Но вот однажды, когда надежды почти не оставалось, я услышал о Сольвейг. В таверне, куда я ходил заливать свои беды, от одного пьянчуги. Поначалу я не поверил, что такое возможно, но все же решился разыскать ее.
Она отказывалась забирать дукат, но я убедил ее. И как только монета оказалась в ее руках, я… – Массимо ненадолго прервался, в его глазах блеснули слезы. – Я ожил. Я ощутил свободу впервые за долгое время. Я оглянулся на свою жизнь и понял, что вовсе не жил. Когда не стало моей одержимости, я вдруг увидел все в новом свете. В родительском доме, где поселился старший брат, я нашел мамину флейту. Она играла нам, если мы не могли уснуть. Мне всегда нравилась музыка… На последние деньги я нанял учителя, который помог мне освоить флейту, и стал путешествовать по городам, играя на улицах. Монет, которые оставляли люди, хватало на еду и крышу над головой, остальное же я раздавал беднякам. Я не искал искупления для своей пропащей души, но, сбросив с плеч бремя богатства и власти, больше ни разу не смотрел в прошлое. Только теперь я по-настоящему счастлив. И я не хочу снова становиться тем, кем был до встречи с Сольвейг.
Закончив рассказ, Массимо посмотрел на нее умоляющим взглядом.
– Прошу, не заставляй меня…
– Ты не устал от бессмертия?
– Нисколько. Я понимаю, о чем ты говоришь. Мне доводилось голодать, доводилось попадать в передряги, я даже встретил любовь, а после потерял, и все же…
– Но ты всегда в пути.
– Потому что я привык так жить. Люди не запоминают уличных музыкантов, только их музыку.
С каждым его словом Сольвейг бледнела сильнее. Ее плечи поникли, а глаза подернулись тоской, словно пеплом. Она взяла Массимо за руку.

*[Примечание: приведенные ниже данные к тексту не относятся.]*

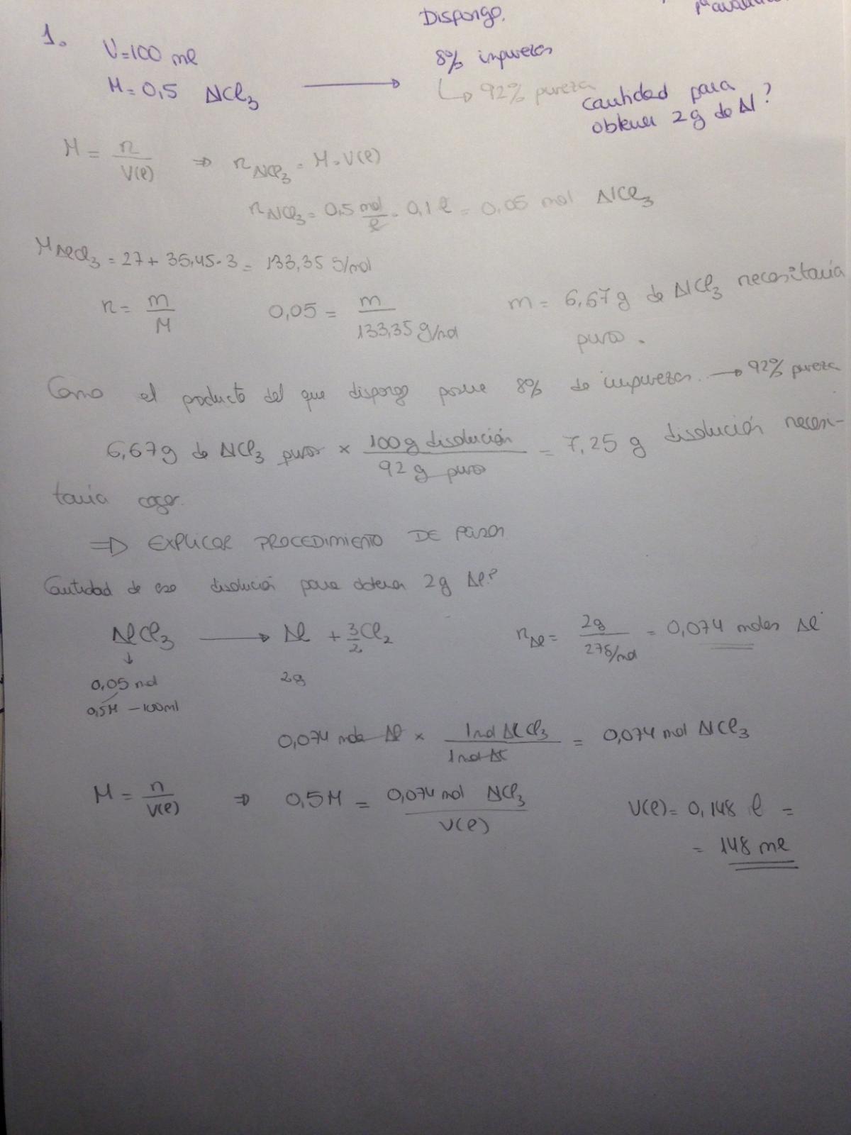 "Indica de manera detallada como prepararías ene el laboratorio 100 ml de una disolución 0,5 M en cloruro de aluminio si disponemos de un producto comercial que contiene un 8% de impurezas. Qué cantidad de esa disolución necesitas para obtener 2 gramos?"
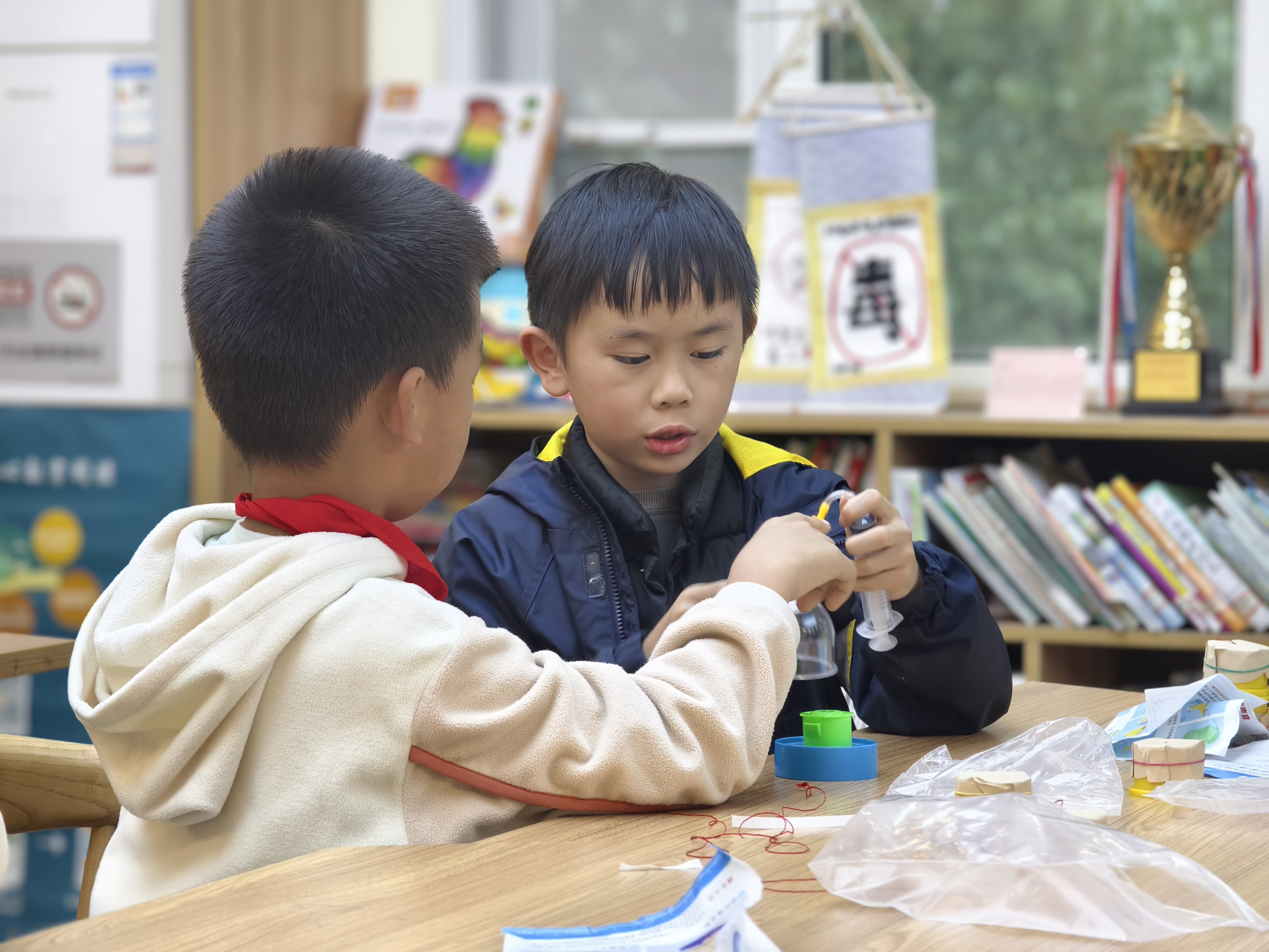 随后进行的“真空铃”实验中,孩子们两人一组,一人将正在播放音乐的玩具置于密闭的玻璃罩内并固定好装置的位置,另一人手拉针筒活塞将罩内空气吸出,随着罩内空气减少,音乐声也随之明显减弱。这一现象让孩子们清晰地认识到“声音的的传播需要介质,真空中无法传声”。
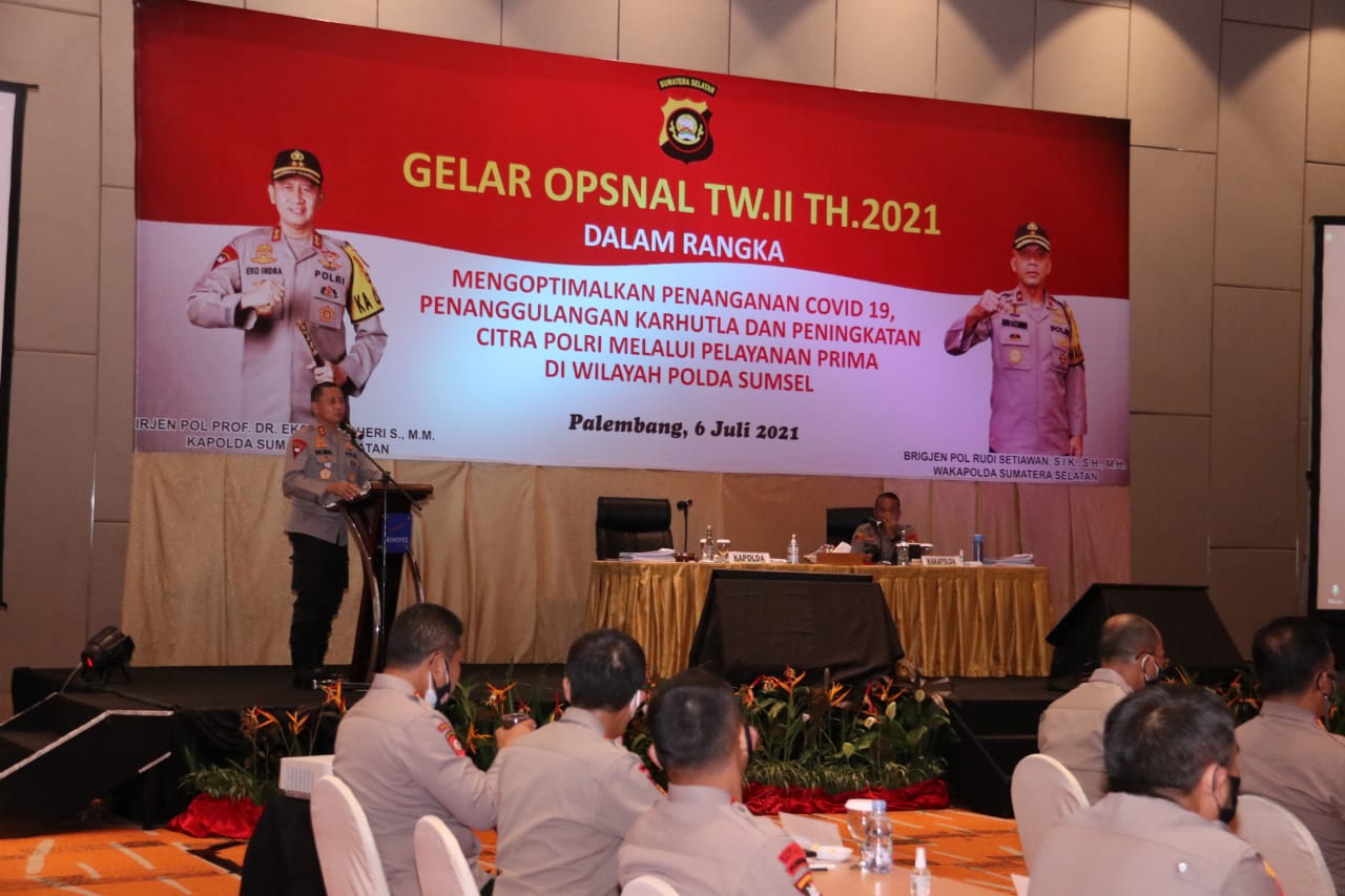 MediaSuaraMabes, PALEMBANG – Untuk mengoptimalkan penanganan Covid-19 di Sumatera Selatan (Sumsel), Kepolisian Daerah (Polda) Sumsel gelar rapat opsnal triwulan II tahun 2021 di hotel Novotel Palembang, Selasa (6/7).
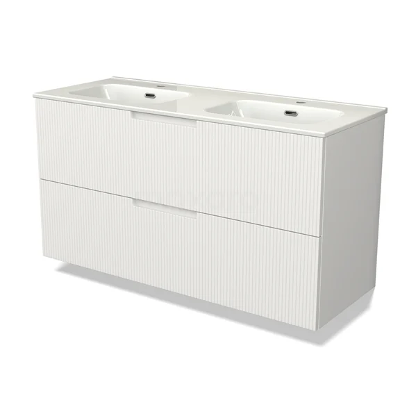 Modulo Bathroom furniture with sink | 120 cm Matte white Line front Ceramic 2 Stacked drawers

– Но я должна вернуть тебе мечту…
– Зачем?
– Чтобы… – она сделала глубокий вдох. – Чтобы снова стать человеком.
– Почему ты думаешь, что дело в мечтах?
– Я не знаю… я… – Сольвейг скользнула взглядом по Даниэлю. Он неуверенно пожал плечами.
– Так, может, мечты вовсе ни при чем.
– Но как я узнаю, если не верну их все?
Массимо улыбнулся.
– О, ты узнаешь. Поверь мне. Рано или поздно…
Эти слова укололи Даниэля под ребрами. Он почувствовал, как вновь заныли старые шрамы. Рано или поздно. Поздно. Возможно, слишком поздно… Кажется, Сольвейг думала о том же. Она помрачнела, губы ее задрожали.
– Но что, если однажды ты все-таки устанешь от вечной жизни? – с надеждой спросила она.
– Тогда я снова разыщу тебя, – без раздумий ответил Массимо, а после взглянул на Даниэля и добавил: – Или твоих детей.
– Мы не…
– Знаешь что! – вдруг воскликнул Массимо. – Я придумал! Брось монетку в этот фонтан. Если я захочу забрать ее, то вернусь сюда. Или… пусть ее заберет кто-то другой, кто-то, кому она нужнее.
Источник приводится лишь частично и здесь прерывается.